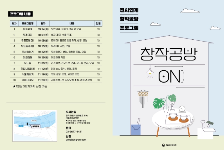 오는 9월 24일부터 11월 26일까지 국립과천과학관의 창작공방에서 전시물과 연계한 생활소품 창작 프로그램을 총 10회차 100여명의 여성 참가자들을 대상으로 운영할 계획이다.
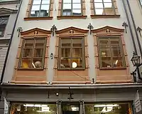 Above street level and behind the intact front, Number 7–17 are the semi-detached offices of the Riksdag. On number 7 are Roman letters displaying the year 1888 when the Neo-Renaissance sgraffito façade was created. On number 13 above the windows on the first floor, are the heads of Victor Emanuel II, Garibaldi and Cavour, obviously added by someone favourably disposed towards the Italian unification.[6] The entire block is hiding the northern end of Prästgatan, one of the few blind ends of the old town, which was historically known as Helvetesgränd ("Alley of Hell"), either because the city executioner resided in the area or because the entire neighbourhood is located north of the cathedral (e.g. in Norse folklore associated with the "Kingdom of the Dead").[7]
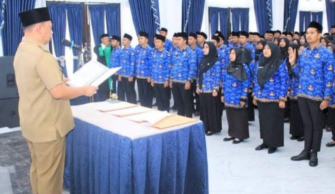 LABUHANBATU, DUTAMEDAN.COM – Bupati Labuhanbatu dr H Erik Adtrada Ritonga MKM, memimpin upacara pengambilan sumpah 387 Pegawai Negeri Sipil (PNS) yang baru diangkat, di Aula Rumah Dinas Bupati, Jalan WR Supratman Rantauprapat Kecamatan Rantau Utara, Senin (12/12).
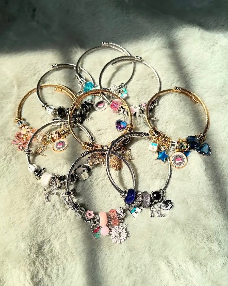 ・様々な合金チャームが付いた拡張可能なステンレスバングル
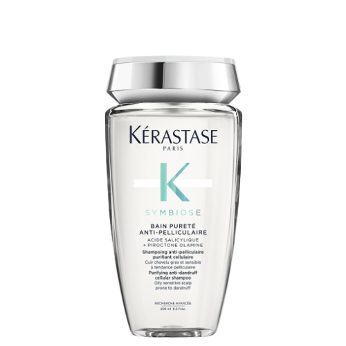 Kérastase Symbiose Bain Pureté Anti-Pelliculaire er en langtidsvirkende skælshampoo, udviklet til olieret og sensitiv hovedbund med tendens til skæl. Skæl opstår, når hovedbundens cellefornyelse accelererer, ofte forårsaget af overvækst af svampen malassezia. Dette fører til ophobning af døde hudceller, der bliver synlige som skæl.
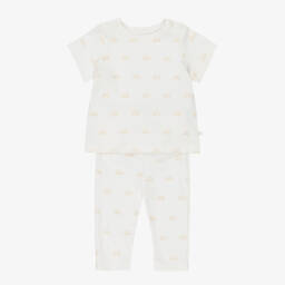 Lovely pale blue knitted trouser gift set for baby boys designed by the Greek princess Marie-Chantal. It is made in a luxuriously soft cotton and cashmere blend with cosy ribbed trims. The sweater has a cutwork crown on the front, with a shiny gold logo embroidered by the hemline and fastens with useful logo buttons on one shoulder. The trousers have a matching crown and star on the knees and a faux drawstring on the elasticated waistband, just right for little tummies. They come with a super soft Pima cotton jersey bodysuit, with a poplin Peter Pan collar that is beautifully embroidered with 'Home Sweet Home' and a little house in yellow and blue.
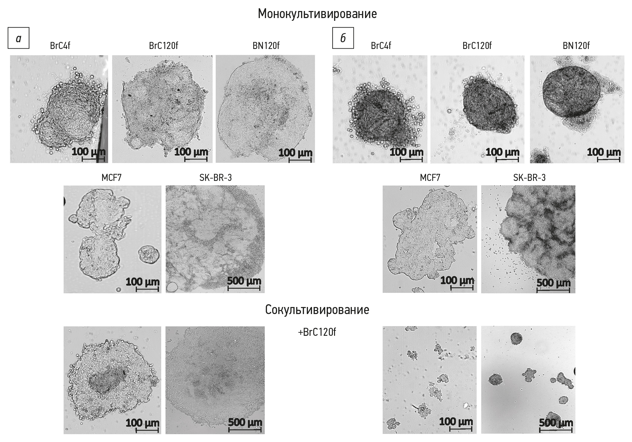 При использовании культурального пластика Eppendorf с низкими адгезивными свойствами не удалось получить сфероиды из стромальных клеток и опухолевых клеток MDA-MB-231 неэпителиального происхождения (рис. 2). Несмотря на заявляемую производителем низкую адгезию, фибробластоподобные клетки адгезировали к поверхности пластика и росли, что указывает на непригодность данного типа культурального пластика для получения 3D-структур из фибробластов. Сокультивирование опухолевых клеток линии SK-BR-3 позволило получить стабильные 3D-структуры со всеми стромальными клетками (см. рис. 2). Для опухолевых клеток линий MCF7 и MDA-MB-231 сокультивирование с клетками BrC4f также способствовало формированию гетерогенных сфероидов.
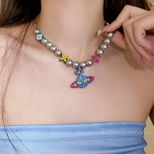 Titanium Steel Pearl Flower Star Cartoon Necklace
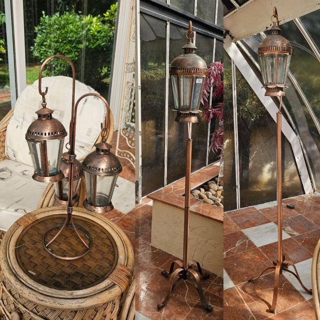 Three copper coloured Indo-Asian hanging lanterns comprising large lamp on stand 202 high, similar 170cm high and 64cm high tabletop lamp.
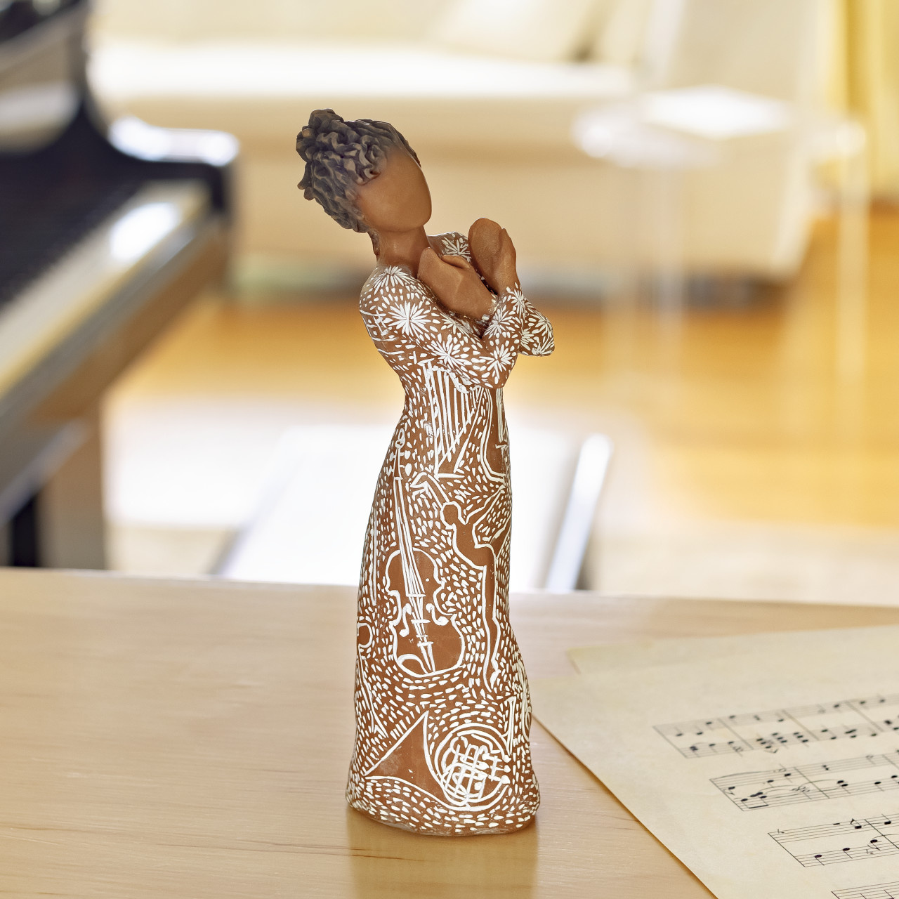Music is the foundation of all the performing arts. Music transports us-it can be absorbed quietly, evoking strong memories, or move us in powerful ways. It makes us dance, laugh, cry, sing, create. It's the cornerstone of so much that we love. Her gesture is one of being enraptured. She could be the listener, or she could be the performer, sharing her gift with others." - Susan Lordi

═══

Description of the task: Reproduce the span beginning at the line with "Three copper coloured" and ending at the last line of the entries above, inclusive, exactly as it stands. Exclude the pictures.

Response box:
 Three copper coloured Indo-Asian hanging lanterns comprising large lamp on stand 202 high, similar 170cm high and 64cm high tabletop lamp.
Music is the foundation of all the performing arts. Music transports us-it can be absorbed quietly, evoking strong memories, or move us in powerful ways. It makes us dance, laugh, cry, sing, create. It's the cornerstone of so much that we love. Her gesture is one of being enraptured. She could be the listener, or she could be the performer, sharing her gift with others." - Susan Lordi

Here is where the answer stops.